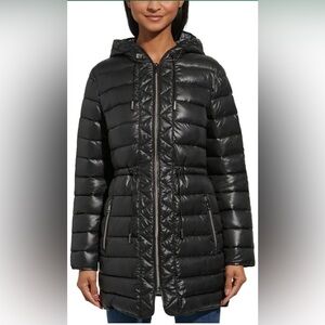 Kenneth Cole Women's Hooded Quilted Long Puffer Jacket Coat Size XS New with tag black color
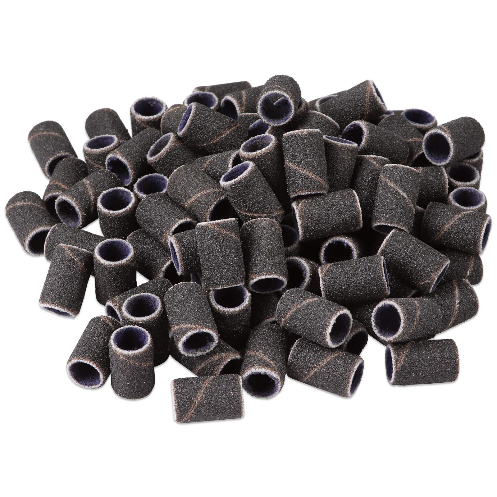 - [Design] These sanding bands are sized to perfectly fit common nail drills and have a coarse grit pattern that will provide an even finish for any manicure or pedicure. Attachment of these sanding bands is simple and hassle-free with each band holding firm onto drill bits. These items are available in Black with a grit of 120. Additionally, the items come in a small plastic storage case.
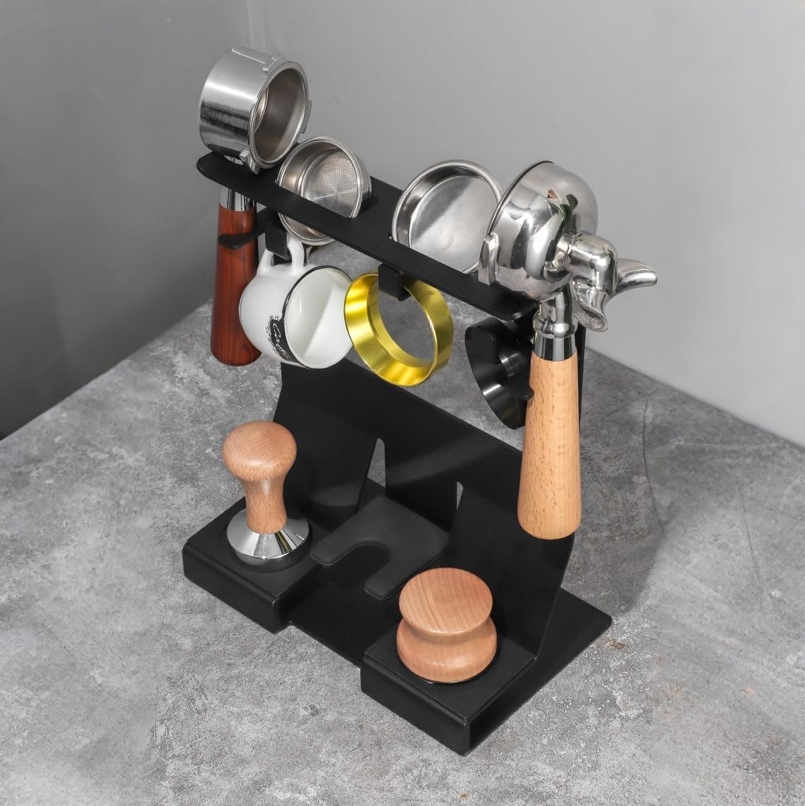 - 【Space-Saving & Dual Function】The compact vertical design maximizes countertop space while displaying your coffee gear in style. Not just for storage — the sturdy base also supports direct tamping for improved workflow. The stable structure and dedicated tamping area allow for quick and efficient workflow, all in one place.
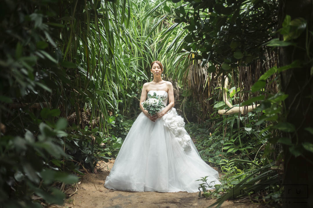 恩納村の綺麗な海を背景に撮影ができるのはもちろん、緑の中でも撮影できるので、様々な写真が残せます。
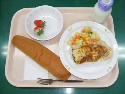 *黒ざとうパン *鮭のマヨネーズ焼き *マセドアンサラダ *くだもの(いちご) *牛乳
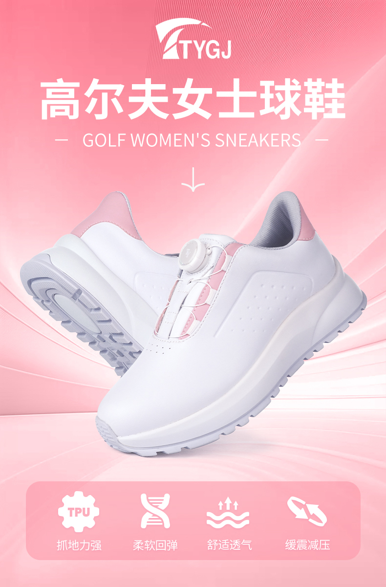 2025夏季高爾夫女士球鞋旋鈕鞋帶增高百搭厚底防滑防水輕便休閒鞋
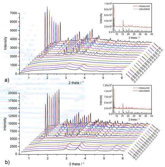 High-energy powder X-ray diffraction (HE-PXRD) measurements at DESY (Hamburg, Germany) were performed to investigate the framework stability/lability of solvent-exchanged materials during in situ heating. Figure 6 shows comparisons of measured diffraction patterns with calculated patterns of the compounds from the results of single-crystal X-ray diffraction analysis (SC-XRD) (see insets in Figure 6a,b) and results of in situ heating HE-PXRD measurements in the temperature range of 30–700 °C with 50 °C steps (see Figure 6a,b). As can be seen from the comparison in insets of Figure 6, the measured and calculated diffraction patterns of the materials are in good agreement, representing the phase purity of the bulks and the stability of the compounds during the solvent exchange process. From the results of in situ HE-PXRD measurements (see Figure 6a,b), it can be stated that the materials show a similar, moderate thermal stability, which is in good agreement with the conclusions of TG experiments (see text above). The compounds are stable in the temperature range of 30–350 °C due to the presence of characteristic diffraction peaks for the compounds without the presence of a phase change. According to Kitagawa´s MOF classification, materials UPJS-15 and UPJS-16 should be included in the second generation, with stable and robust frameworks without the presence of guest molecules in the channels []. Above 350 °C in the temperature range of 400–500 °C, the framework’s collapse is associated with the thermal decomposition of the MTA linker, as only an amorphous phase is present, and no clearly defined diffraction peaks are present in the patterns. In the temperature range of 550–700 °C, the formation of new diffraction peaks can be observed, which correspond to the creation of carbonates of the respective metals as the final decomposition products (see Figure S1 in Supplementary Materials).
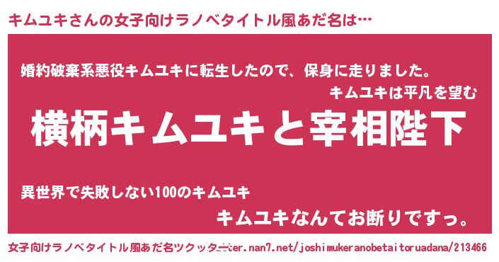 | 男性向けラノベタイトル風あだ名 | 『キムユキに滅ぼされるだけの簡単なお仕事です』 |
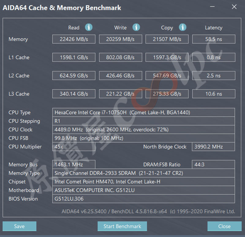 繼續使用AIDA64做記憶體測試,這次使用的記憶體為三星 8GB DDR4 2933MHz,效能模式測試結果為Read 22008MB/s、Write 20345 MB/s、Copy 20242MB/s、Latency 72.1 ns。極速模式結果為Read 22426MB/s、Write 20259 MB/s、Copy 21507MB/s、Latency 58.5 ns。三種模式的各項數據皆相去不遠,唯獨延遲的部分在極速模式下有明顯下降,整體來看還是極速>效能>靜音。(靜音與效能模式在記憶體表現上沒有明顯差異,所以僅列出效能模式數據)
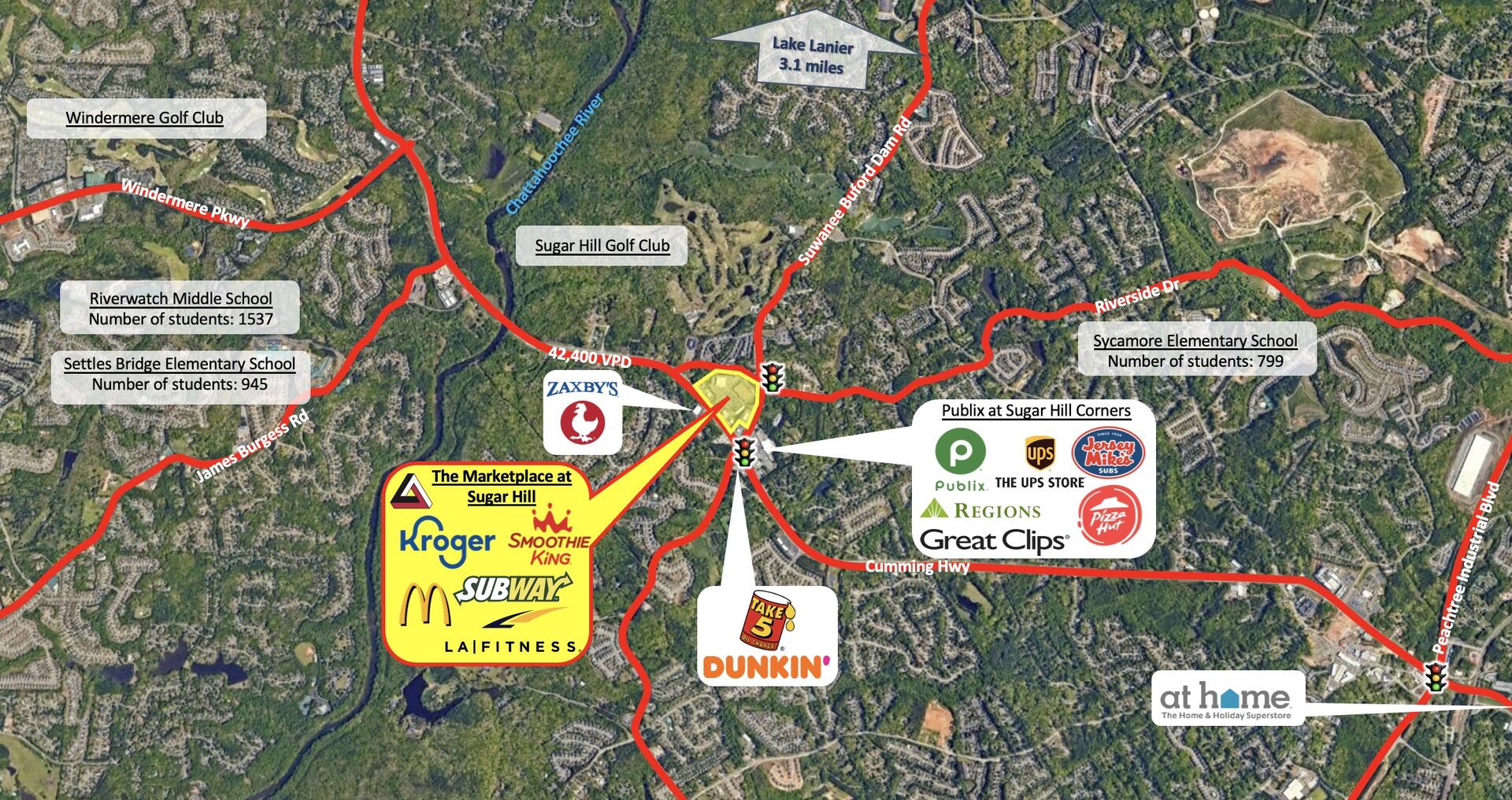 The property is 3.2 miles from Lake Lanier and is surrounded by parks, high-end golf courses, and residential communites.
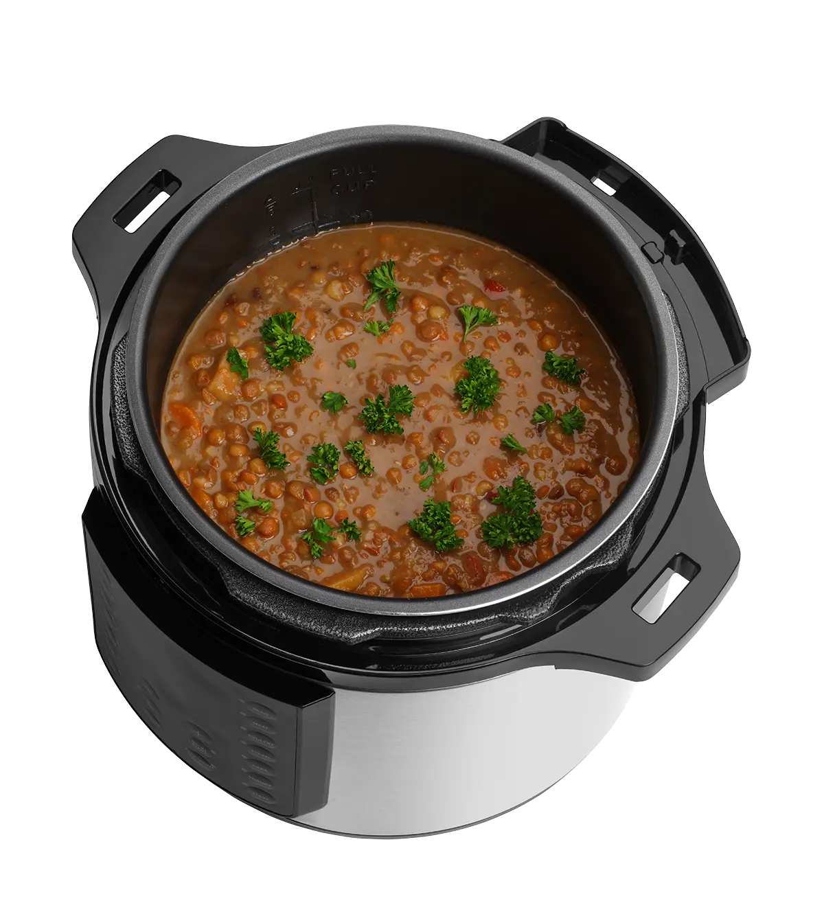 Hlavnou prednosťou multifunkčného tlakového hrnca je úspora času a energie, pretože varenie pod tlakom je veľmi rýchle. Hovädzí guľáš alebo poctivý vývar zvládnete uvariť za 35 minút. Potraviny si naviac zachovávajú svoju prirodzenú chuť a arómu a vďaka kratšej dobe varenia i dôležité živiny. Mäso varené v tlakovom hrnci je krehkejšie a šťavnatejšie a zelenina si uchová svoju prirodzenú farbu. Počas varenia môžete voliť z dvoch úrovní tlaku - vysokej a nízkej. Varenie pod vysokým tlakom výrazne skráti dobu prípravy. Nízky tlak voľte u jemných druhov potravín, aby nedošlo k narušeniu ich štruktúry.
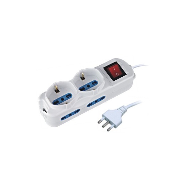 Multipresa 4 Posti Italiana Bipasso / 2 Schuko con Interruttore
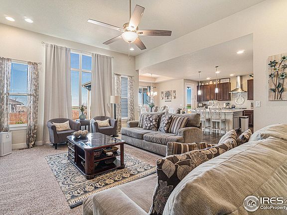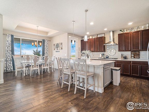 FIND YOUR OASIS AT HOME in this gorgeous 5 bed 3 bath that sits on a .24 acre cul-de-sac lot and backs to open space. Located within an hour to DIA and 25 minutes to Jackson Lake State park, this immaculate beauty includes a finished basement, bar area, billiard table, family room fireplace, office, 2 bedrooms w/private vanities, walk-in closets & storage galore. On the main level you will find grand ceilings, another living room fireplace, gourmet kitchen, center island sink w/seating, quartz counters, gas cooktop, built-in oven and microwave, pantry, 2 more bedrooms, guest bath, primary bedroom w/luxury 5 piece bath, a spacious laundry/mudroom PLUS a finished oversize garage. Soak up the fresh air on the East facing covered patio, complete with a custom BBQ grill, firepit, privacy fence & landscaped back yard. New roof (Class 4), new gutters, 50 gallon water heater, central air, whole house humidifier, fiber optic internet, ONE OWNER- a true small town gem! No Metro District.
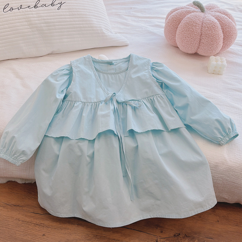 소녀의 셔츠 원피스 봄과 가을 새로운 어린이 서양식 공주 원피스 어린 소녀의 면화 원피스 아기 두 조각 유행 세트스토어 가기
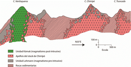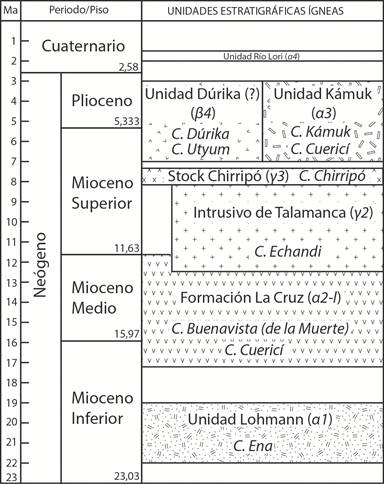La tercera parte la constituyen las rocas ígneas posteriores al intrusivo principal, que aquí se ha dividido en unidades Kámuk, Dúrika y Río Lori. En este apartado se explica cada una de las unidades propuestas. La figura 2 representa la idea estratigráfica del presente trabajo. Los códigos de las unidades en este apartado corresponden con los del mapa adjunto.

● ● ● ● ●

### Your goal
A verbatim rendering of the listing above is required, without any of its pictures.

### Output for this task
 Kenneth Cole Women's Hooded Quilted Long Puffer Jacket Coat Size XS New with tag black color
 - [Design] These sanding bands are sized to perfectly fit common nail drills and have a coarse grit pattern that will provide an even finish for any manicure or pedicure. Attachment of these sanding bands is simple and hassle-free with each band holding firm onto drill bits. These items are available in Black with a grit of 120. Additionally, the items come in a small plastic storage case.
 - 【Space-Saving & Dual Function】The compact vertical design maximizes countertop space while displaying your coffee gear in style. Not just for storage — the sturdy base also supports direct tamping for improved workflow. The stable structure and dedicated tamping area allow for quick and efficient workflow, all in one place.
 恩納村の綺麗な海を背景に撮影ができるのはもちろん、緑の中でも撮影できるので、様々な写真が残せます。
 *黒ざとうパン *鮭のマヨネーズ焼き *マセドアンサラダ *くだもの(いちご) *牛乳
 2025夏季高爾夫女士球鞋旋鈕鞋帶增高百搭厚底防滑防水輕便休閒鞋
 High-energy powder X-ray diffraction (HE-PXRD) measurements at DESY (Hamburg, Germany) were performed to investigate the framework stability/lability of solvent-exchanged materials during in situ heating. Figure 6 shows comparisons of measured diffraction patterns with calculated patterns of the compounds from the results of single-crystal X-ray diffraction analysis (SC-XRD) (see insets in Figure 6a,b) and results of in situ heating HE-PXRD measurements in the temperature range of 30–700 °C with 50 °C steps (see Figure 6a,b). As can be seen from the comparison in insets of Figure 6, the measured and calculated diffraction patterns of the materials are in good agreement, representing the phase purity of the bulks and the stability of the compounds during the solvent exchange process. From the results of in situ HE-PXRD measurements (see Figure 6a,b), it can be stated that the materials show a similar, moderate thermal stability, which is in good agreement with the conclusions of TG experiments (see text above). The compounds are stable in the temperature range of 30–350 °C due to the presence of characteristic diffraction peaks for the compounds without the presence of a phase change. According to Kitagawa´s MOF classification, materials UPJS-15 and UPJS-16 should be included in the second generation, with stable and robust frameworks without the presence of guest molecules in the channels []. Above 350 °C in the temperature range of 400–500 °C, the framework’s collapse is associated with the thermal decomposition of the MTA linker, as only an amorphous phase is present, and no clearly defined diffraction peaks are present in the patterns. In the temperature range of 550–700 °C, the formation of new diffraction peaks can be observed, which correspond to the creation of carbonates of the respective metals as the final decomposition products (see Figure S1 in Supplementary Materials).
 | 男性向けラノベタイトル風あだ名 | 『キムユキに滅ぼされるだけの簡単なお仕事です』 |
 繼續使用AIDA64做記憶體測試,這次使用的記憶體為三星 8GB DDR4 2933MHz,效能模式測試結果為Read 22008MB/s、Write 20345 MB/s、Copy 20242MB/s、Latency 72.1 ns。極速模式結果為Read 22426MB/s、Write 20259 MB/s、Copy 21507MB/s、Latency 58.5 ns。三種模式的各項數據皆相去不遠,唯獨延遲的部分在極速模式下有明顯下降,整體來看還是極速>效能>靜音。(靜音與效能模式在記憶體表現上沒有明顯差異,所以僅列出效能模式數據)
 The property is 3.2 miles from Lake Lanier and is surrounded by parks, high-end golf courses, and residential communites.
 Hlavnou prednosťou multifunkčného tlakového hrnca je úspora času a energie, pretože varenie pod tlakom je veľmi rýchle. Hovädzí guľáš alebo poctivý vývar zvládnete uvariť za 35 minút. Potraviny si naviac zachovávajú svoju prirodzenú chuť a arómu a vďaka kratšej dobe varenia i dôležité živiny. Mäso varené v tlakovom hrnci je krehkejšie a šťavnatejšie a zelenina si uchová svoju prirodzenú farbu. Počas varenia môžete voliť z dvoch úrovní tlaku - vysokej a nízkej. Varenie pod vysokým tlakom výrazne skráti dobu prípravy. Nízky tlak voľte u jemných druhov potravín, aby nedošlo k narušeniu ich štruktúry.
 Multipresa 4 Posti Italiana Bipasso / 2 Schuko con Interruttore
 FIND YOUR OASIS AT HOME in this gorgeous 5 bed 3 bath that sits on a .24 acre cul-de-sac lot and backs to open space. Located within an hour to DIA and 25 minutes to Jackson Lake State park, this immaculate beauty includes a finished basement, bar area, billiard table, family room fireplace, office, 2 bedrooms w/private vanities, walk-in closets & storage galore. On the main level you will find grand ceilings, another living room fireplace, gourmet kitchen, center island sink w/seating, quartz counters, gas cooktop, built-in oven and microwave, pantry, 2 more bedrooms, guest bath, primary bedroom w/luxury 5 piece bath, a spacious laundry/mudroom PLUS a finished oversize garage. Soak up the fresh air on the East facing covered patio, complete with a custom BBQ grill, firepit, privacy fence & landscaped back yard. New roof (Class 4), new gutters, 50 gallon water heater, central air, whole house humidifier, fiber optic internet, ONE OWNER- a true small town gem! No Metro District.
 소녀의 셔츠 원피스 봄과 가을 새로운 어린이 서양식 공주 원피스 어린 소녀의 면화 원피스 아기 두 조각 유행 세트스토어 가기
La tercera parte la constituyen las rocas ígneas posteriores al intrusivo principal, que aquí se ha dividido en unidades Kámuk, Dúrika y Río Lori. En este apartado se explica cada una de las unidades propuestas. La figura 2 representa la idea estratigráfica del presente trabajo. Los códigos de las unidades en este apartado corresponden con los del mapa adjunto.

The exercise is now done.